I know a newbie who is using either pine or spruce that is not kiln dried. he is actually dovetailing the corners. Am I right though that this lumbe will likely warp as it dries throughly?


----------



## sqkcrk (Dec 10, 2005)

Probably.


----------



## blkcloud (May 25, 2005)

>I would not use poplar or basswood. ALthough it is lite it will not last like pine.

how long would you want it to last???I know of a popular log house my buddy lives in that has logs over 60' in length that was built over 100 years ago..the logs are as sound as a anvil..imo popular will out last pine..I do have a woodmiser and saw my poplar to make my tbh's with..its light and stout..


----------



## King bee apiary (Feb 8, 2005)

Popular is a hardwood,pine is not,popular is heavier.
If it is a wet area use a wood that grows in water,hint cypress...
Being over there in England,I'm sure you have some wineries somewhere around you.Give them a call they may have some old wine vats they wish to get rid of.These can be cut into hive material and may not smell great but will out last plain wood.
I think cypress would be your best bet,soft,light and yet durable to the elements.It will turn gray with age.Can be painted or sealed with lindseed oil (not sure of the spelling),but you will have to do that every other year or so.
Have you considered the styrofoam hives?These will last forever if you don't drop or pry too hard on the corners.(just what I've read from others)

Good luck


----------



## Sundance (Sep 9, 2004)

Sell the cedar and locust. Then buy pine and with the nice profit left over.... buy bees.

I agree that poplar would be a good wood. It will rot badly if the bark is left one. It gets "punky" quickly. It is clear and straight. Getting width for deeps would be more difficult.


----------



## mwjohnson (Nov 19, 2004)

I like kiln DRIED wood.
I wouldn't hesitate to build almost anything out of air DRIED lumber.

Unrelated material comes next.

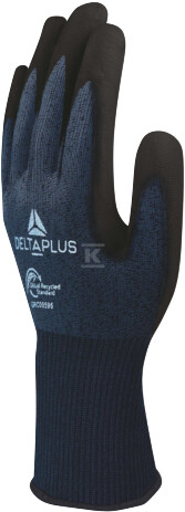 Ці рукавички вирізняються використанням перероблених матеріалів – аж 54% поліестеру отримано з відходів. Це екологічне рішення не впливає негативно на експлуатаційні властивості. Щільність в'язки 18 гарантує точне виконання та прилягання до рук, що перекладається на комфорт роботи навіть під час тривалого використання. Поєднання нітрилу та поліуретану в покритті забезпечує стійкість до олій, мастил та деяких хімічних речовин. Вкладка рукавички виготовлена з суміші переробленого поліестеру, поліестеру та спандексу, що забезпечує зручність і повітропроникність.
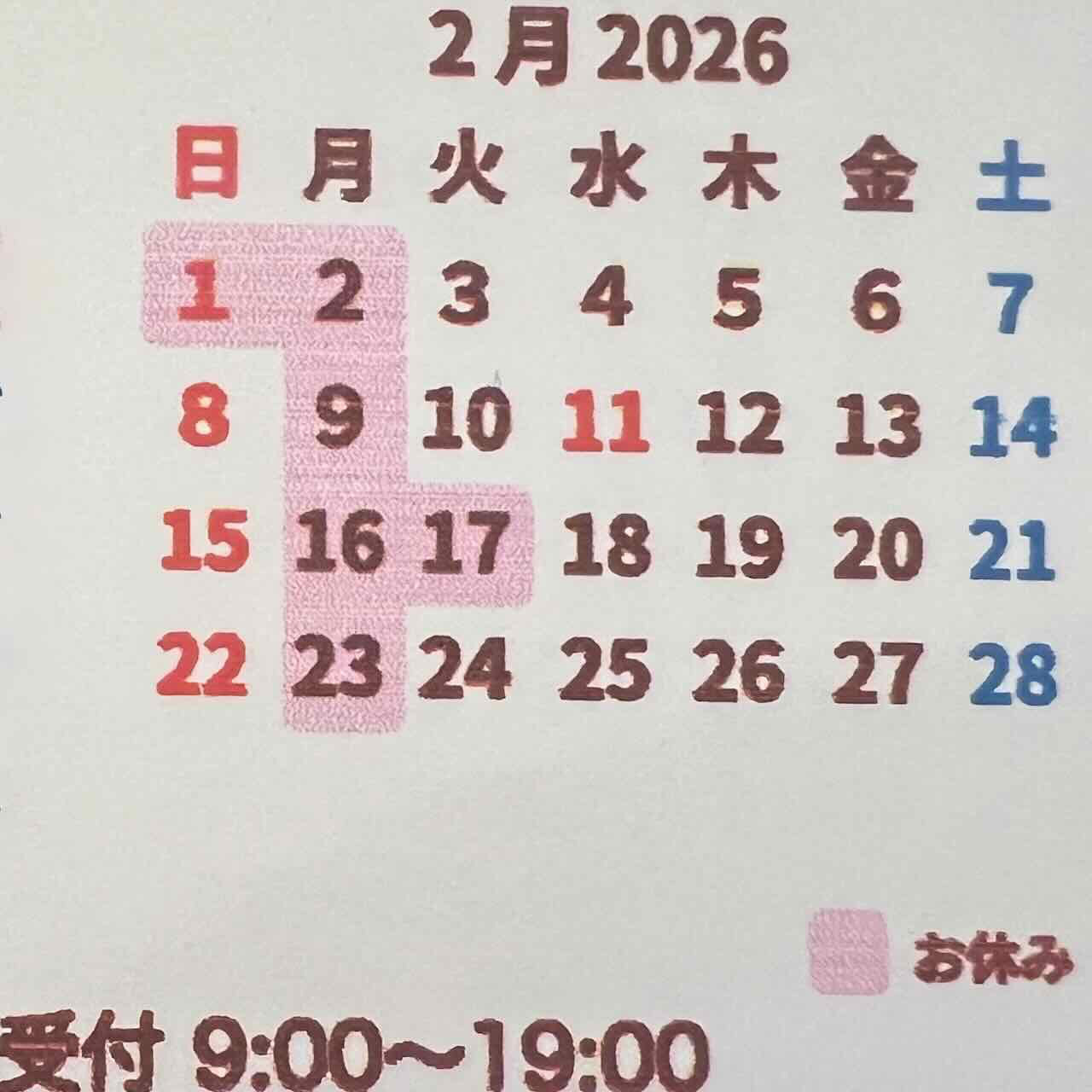 2月のお休みご案内

Dimensional stability relates more to species,moisture content aside.

I'm not shouting,just can't figure out how to italicize.








Mark


----------



## BTG (May 1, 2014)

Interesting discussion. My $0.02, the sawmill local to me sells 8 foot rough cut 1 X 10 hemlock for $4.00 So I can get a deep hive body for $4.00. Will it warp? a little. Will the bees care? probably not. Is it heavy... it seems to be getting lighter all the time. Will it rot? eventually but so will anything else. Strictly from an economic standpoint, with a table saw and a chop saw the bees won't care if they have a cheap hemlock box to live in. As far as lifting, I use long Langstroth hives so for the most part I don't have to lift. I do have nucleus colonies that I do have to lift but for the most part I do very little lifting.


----------